Supplied records -

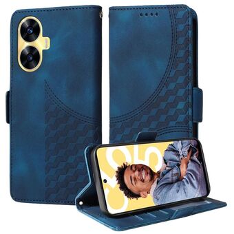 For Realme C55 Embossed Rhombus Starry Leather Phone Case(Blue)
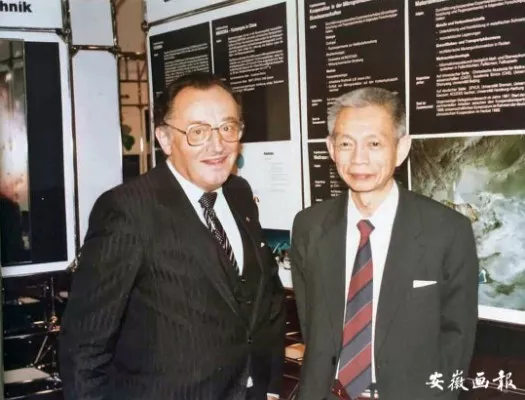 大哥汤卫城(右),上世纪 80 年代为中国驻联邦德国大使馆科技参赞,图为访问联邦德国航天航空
==
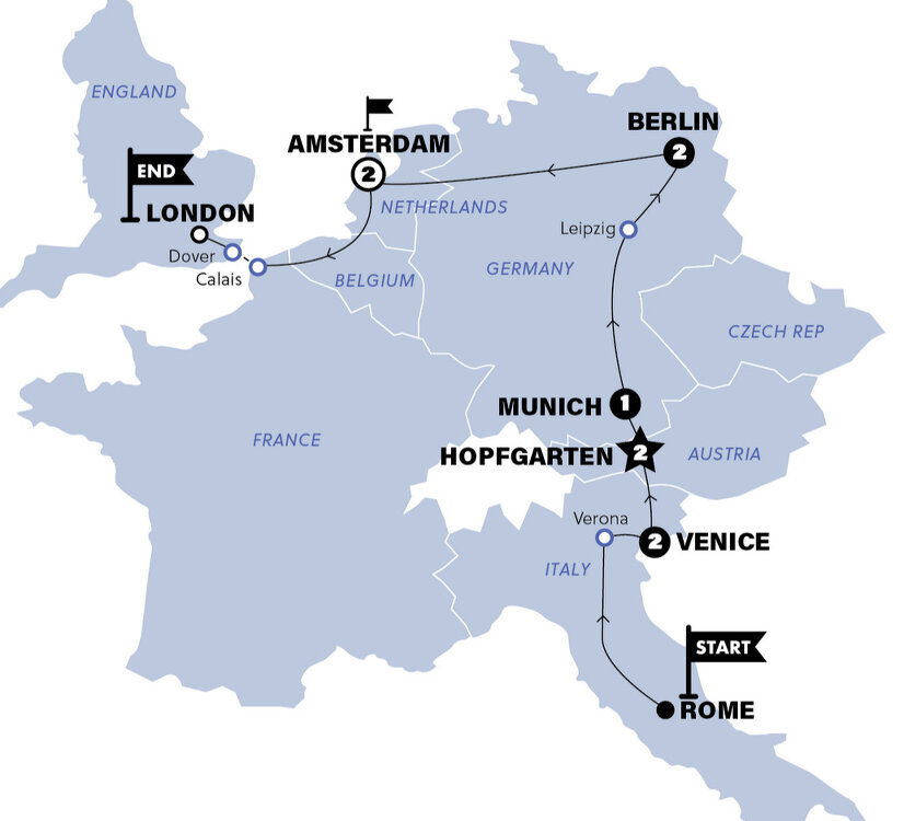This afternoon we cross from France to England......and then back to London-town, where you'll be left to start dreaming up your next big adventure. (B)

Task requirements -
In the entries above, find the line containing "For Realme C55" and the line containing "大哥汤卫城(右),上世纪 80 年代为中国驻联邦德国大使馆科技参赞,图为访问联邦德国航天航空"; give again exactly those two lines and every line between them, minus the pictures.

Worked solution -
 For Realme C55 Embossed Rhombus Starry Leather Phone Case(Blue)
 大哥汤卫城(右),上世纪 80 年代为中国驻联邦德国大使馆科技参赞,图为访问联邦德国航天航空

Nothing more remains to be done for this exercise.